Flexible Learner Inheritance Idea

Ezno · February 13, 2023, 9:10pm

I am experimenting with creating the most flexible Learner possible with everything being callbacks. I am a few weeks behind, so I apologize if this is covered in the next few weeks! I think the challenge with having the most flexible learner possible with everything as callbacks is that when you go to create a new Learner subclassing can be challenging.

Jeremy showed an approach using setattr to look for callbacks if methods did not exist and defining methods during subclassing. I have been taking a different approach (minimal ex. shown below). I think solves the issue largely, but please let me know what I am missing!

In the code below notice how the init signature is updated on NewLearner. Thoughts?

In the example above, I can add any callbacks by defining the subclass_method method. As long as I use the class decorator that updates the __init__ method with the new arguments the init signature is updated as well. By doing this I can have a Learner with everything as very flexible callbacks, and subclass by defining logic and adding any callbacks needed in the subclass_method function.

jeremy · February 14, 2023, 6:00am

It would be great to try creating the same CBs as in the course and see if you can make all the notebooks work – see whether you feel like the experience is better or worse than what’s there now. I find it hard to guess whether it works better in practice until I try using an API for a while

Ezno · February 14, 2023, 12:19pm

I am building it all into GitHub - Isaac-Flath/isaacai with the intent to build the whole library with this approach (assuming it continues to pan out).

I have not built a ton yet and it’s lagging behind the course, but once I get a wider variety of callbacks built I’ll write a blog post or something to share how it turned out.

Ezno · February 15, 2023, 7:58pm

While I’m going through this I’ll document interesting findings/complications here, in case useful to others. This one sure taught me something about how inheritance works in python that I found very surprising!

During inheritance, the __init__ method of the child class is a reference and not a copy of the parent classes __init__. What this means is the approach above not only updates the init signature of the new child class, but also updates the parent class at the same time (not ideal)!

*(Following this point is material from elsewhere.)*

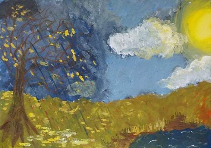 ![Осеннее небо рисунок для детей]()

To get around this I need to do a deepcopy of the function, though I also learned copy.deepcopy does not work on function. The code below create a copy of the function, and so makes the whole thing work without changing the parent class inadvertently.

def copy_func(f):
    """Based on http://stackoverflow.com/a/6528148/190597 (Glenn Maynard)"""
    g = types.FunctionType(f.__code__, f.__globals__, name=f.__name__,
                           argdefs=f.__defaults__,
                           closure=f.__closure__)
    g = functools.update_wrapper(g, f)
    g.__kwdefaults__ = f.__kwdefaults__
    return g

def init_delegates(learner,method='subclassing_method'):
    learner.__init__ = fc.delegates(getattr(learner,method))(copy_func(learner.__init__))
    return learner

jeremy · February 16, 2023, 4:17am

FYI copy_func is part of fastcore.

Ezno · February 20, 2023, 3:07am

I’ve ended up going a different route. The issue with the route I was previously using can get really messy with multiple layers of abstractions. I don’t want a system where adding abstractions makes things harder, so I came up with another approach.

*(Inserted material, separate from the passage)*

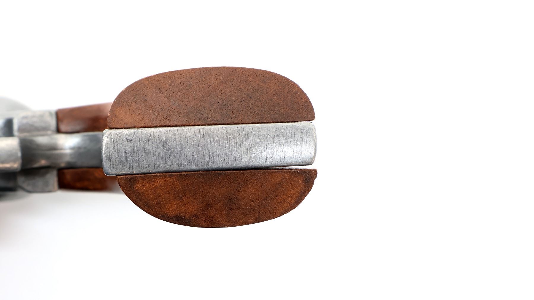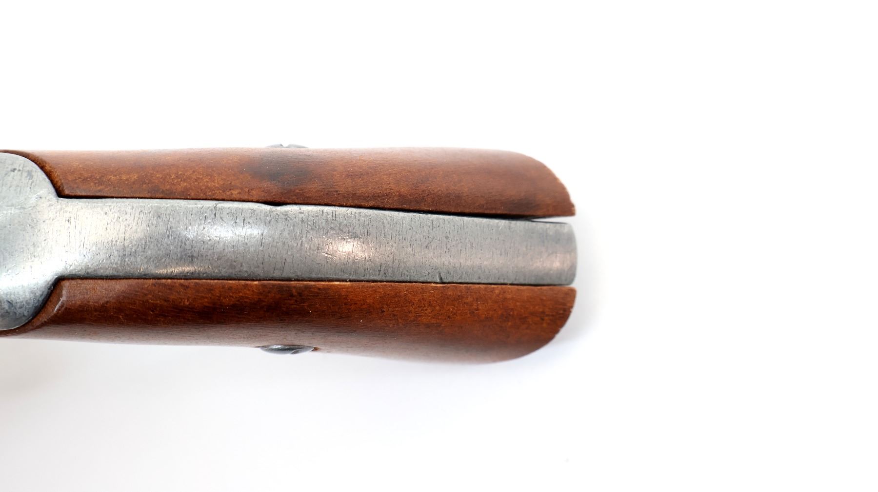 (1) ANTIQUE STYLE BALL & CAP REVOLVER, ALLOY / WOOD CONSTRUCTION, OVERALL LENGTH APPROX. 13.75". SEE PHOTOS.

Instead of focusing on the trainer, I am focusing callbacks. This works by adding a recursive function call when I add a callback, to add any callbacks in the callbacks attribute of that callback. Here’s a minimal example of a class I can pass to my Learner that will add 5 callbacks.

class CoreCBs:
    def __init__(self,device=def_device,module_filter=fc.noop,**metrics):
        self.callbacks = [DeviceCB(device=device),
                          BasicTrainCB(),
                          MetricsCB(**metrics),
                          ProgressCB(),
                          ActivationStatsCB(module_filter)]

In this example the CoreCBs class just adds the 5 callbacks, but it’s not actually a callback itself (no callback method such as before_batch), but it could if I had some functionality that should be added based on this particular combination of callback. In addition, each of the callbacks added could have their own callbacks attributes that would also be added to the Learner callbacks as well if/when I need deeper abstractions.

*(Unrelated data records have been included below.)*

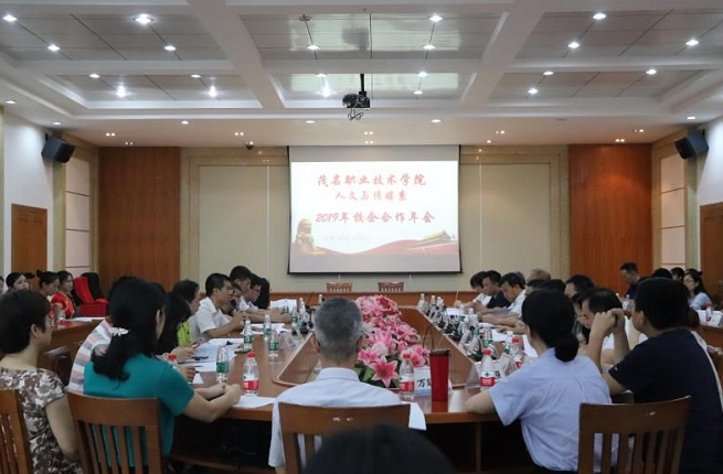 2019年5月30日下午,人文系在北校区图书馆一楼多功能会议室召开2019年校企合作年会。参会的有广东省城市社区建设研究会、龙健集团、茂名文化传媒集团、茂名市社会工作协会等15家企业的负责人以及人文与传媒系领导、师生代表、辅导员等出席了系部年会。会议由宋舒副主任主持。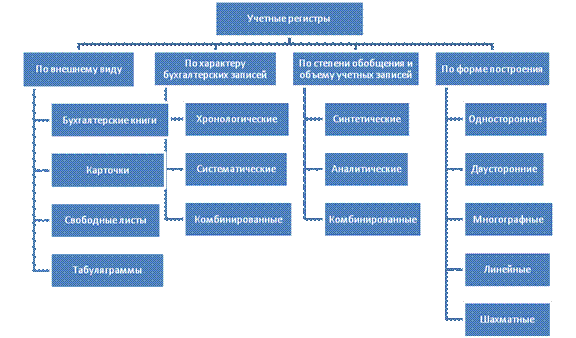 В практике ведения бухгалтерского учета применяются различные формы учетных регистров, но все их можно сгруппировать по следующим признакам: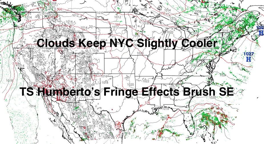 Hello Angry Ben fans and followers. Some extra clouds visiting the area today will keep things seasonal, but we should have them out of the way by tomorrow morning for a nice warm day in the NYC Metro Area. Tropical Storm Humberto has formed, but the Southeast will only feel fringe effects such as gusty showers, rough surf, and slightly enhanced tides, before it pulls out to sea. Overall it’s a quiet week, and I will run it down for you.

I can also subclass the Learner by creating a callbacks attribute there, but only plan to do 1 subclass down and not go deeper. The init method appends to the callbacks attribute and doesn’t overwrite it - the base class just starts with an empty list. Ideally all the bulk of the abstractions happens by grouping the callbacks together as opposed to subclassing learners.

I have other ideas for how to make this better - but don’t want to complicate it unless I need to so am going to see how far this takes me first. We will see how it turns out!

Ezno · February 28, 2023, 12:32am

I’ve created a little diagram to demonstrate how pytorch stuff is combined in the Trainer, and then the trainer executes callbacks. I plan to use this to help document and explain how the library works. Figured I’d share here in case others find it useful.